**WHAT IS REQUIRED**
Begin at the line below that holds "ULTRALIGHT REPLACEMENT PURIFIER CARTRIDGE" and end at the line that holds "Greenhouse, Level 15, 179", transcribing each line exactly and skipping any picture.

**GIVEN ENTRIES**

============

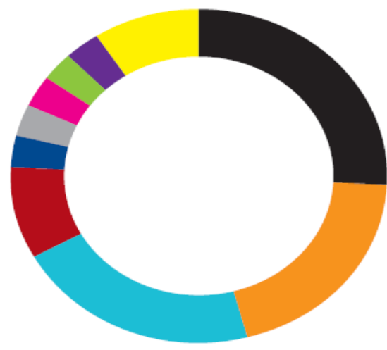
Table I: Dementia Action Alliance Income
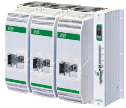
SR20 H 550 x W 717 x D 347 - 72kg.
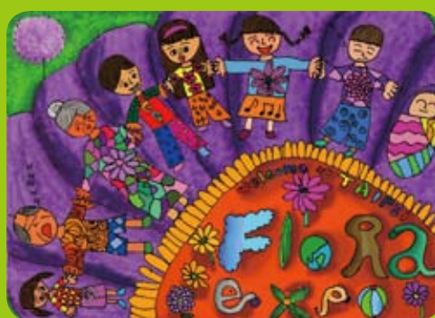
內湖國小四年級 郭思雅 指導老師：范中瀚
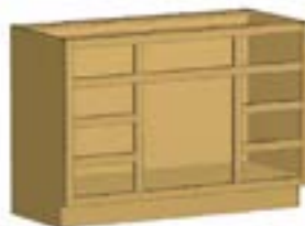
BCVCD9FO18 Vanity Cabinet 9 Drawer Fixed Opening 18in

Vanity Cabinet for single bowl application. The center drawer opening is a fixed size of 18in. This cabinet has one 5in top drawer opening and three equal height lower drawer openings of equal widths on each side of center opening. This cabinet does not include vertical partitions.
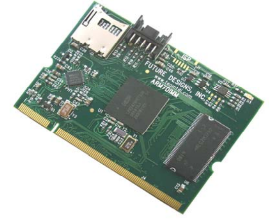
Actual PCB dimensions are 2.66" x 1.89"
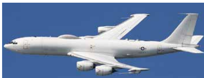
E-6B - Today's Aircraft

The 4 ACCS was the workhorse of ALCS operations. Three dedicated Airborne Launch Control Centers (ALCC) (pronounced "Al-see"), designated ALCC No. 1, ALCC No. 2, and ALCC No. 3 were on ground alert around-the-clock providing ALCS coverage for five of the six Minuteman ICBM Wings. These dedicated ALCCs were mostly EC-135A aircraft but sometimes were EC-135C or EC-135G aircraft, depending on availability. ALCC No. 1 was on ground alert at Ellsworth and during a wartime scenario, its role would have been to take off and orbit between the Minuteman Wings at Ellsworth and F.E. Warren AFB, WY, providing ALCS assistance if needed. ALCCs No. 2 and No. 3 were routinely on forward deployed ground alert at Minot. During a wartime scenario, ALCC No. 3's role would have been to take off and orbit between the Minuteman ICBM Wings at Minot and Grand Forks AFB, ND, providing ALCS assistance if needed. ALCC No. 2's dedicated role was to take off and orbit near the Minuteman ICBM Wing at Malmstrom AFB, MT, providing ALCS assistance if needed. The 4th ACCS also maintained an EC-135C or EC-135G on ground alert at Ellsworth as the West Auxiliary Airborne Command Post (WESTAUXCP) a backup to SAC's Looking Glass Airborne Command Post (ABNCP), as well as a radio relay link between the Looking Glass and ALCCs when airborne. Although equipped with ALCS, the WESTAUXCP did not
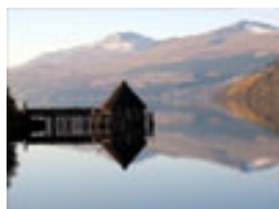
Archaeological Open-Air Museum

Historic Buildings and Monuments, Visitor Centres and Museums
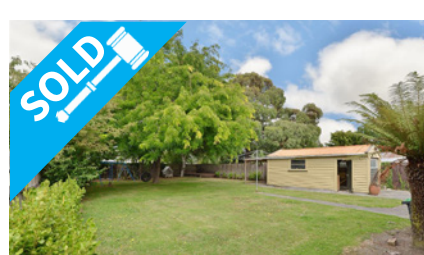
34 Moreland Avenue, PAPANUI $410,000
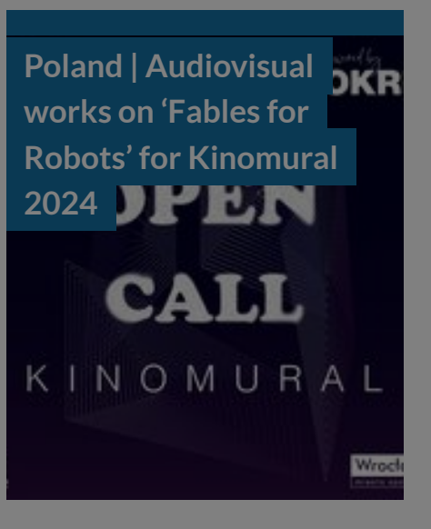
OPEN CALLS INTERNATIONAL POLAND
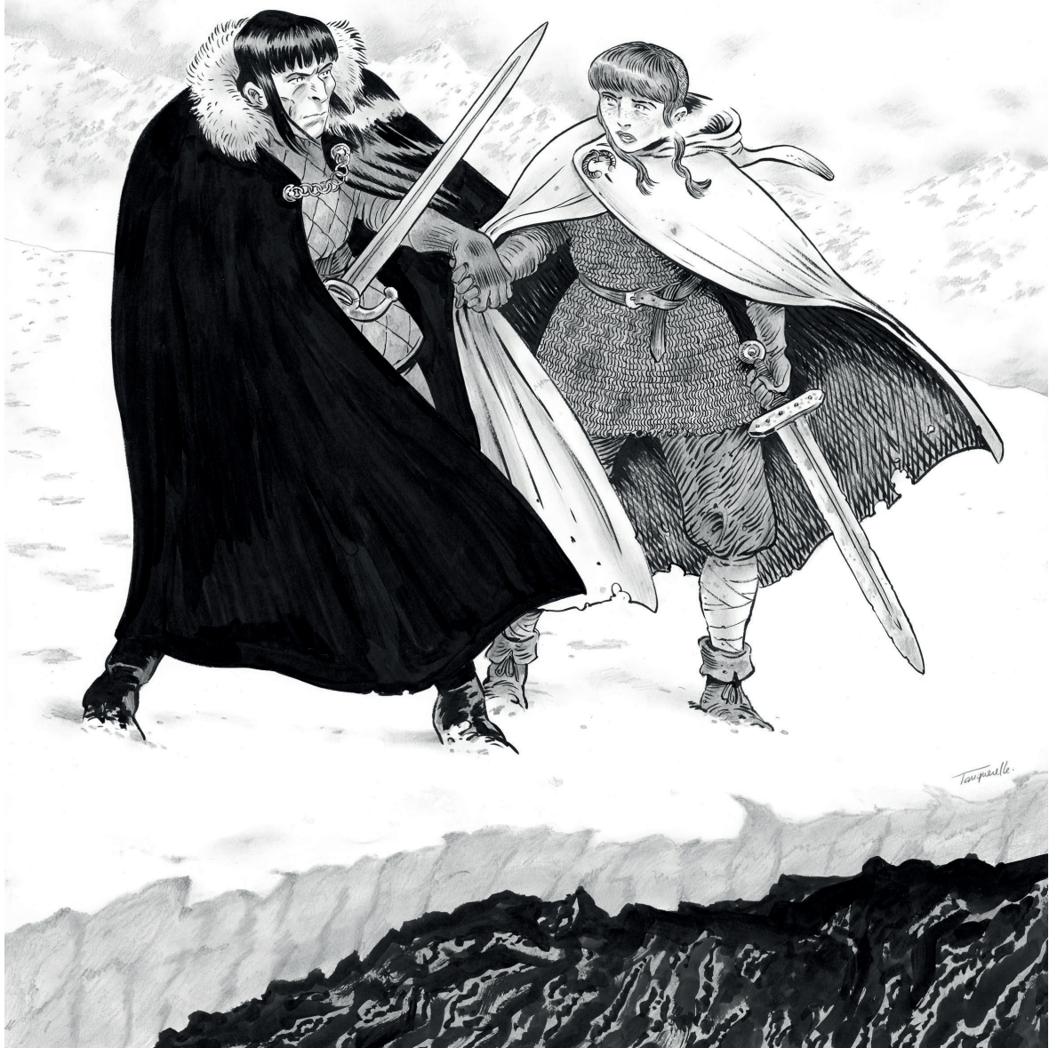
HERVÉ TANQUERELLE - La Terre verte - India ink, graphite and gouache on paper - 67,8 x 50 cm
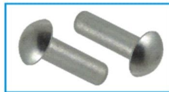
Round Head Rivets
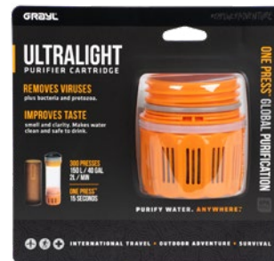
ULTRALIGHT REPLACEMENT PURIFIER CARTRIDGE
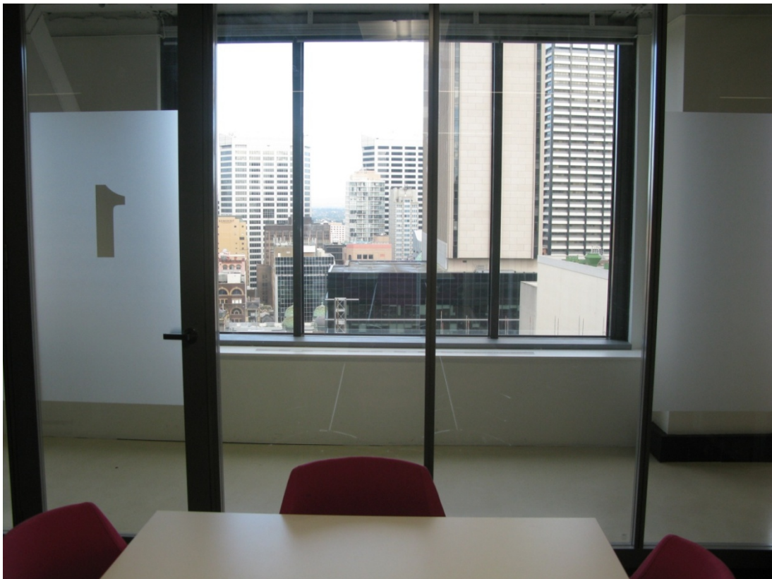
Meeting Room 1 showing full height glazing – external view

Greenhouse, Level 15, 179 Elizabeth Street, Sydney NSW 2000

============

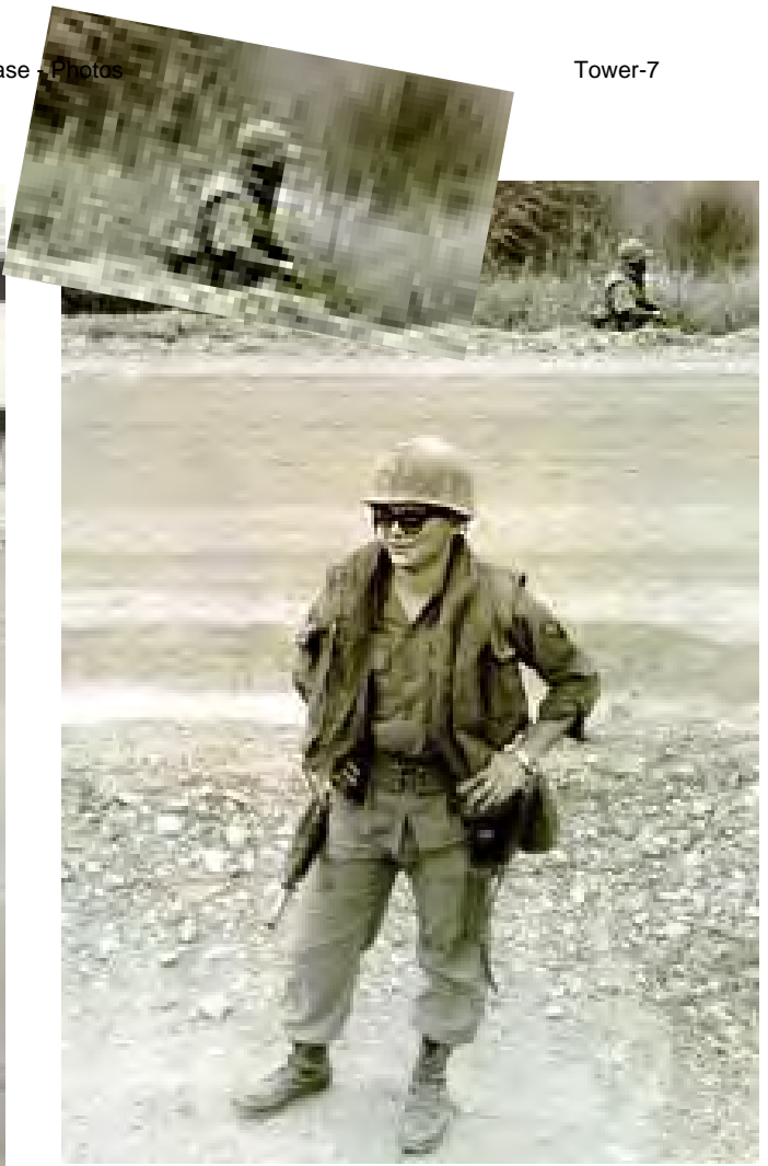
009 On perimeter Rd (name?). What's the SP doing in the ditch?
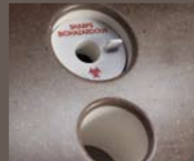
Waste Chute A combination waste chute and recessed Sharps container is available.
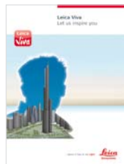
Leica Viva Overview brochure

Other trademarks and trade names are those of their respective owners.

============

**SOLUTION TO THE EXERCISE**
ULTRALIGHT REPLACEMENT PURIFIER CARTRIDGE
Meeting Room 1 showing full height glazing – external view

Greenhouse, Level 15, 179 Elizabeth Street, Sydney NSW 2000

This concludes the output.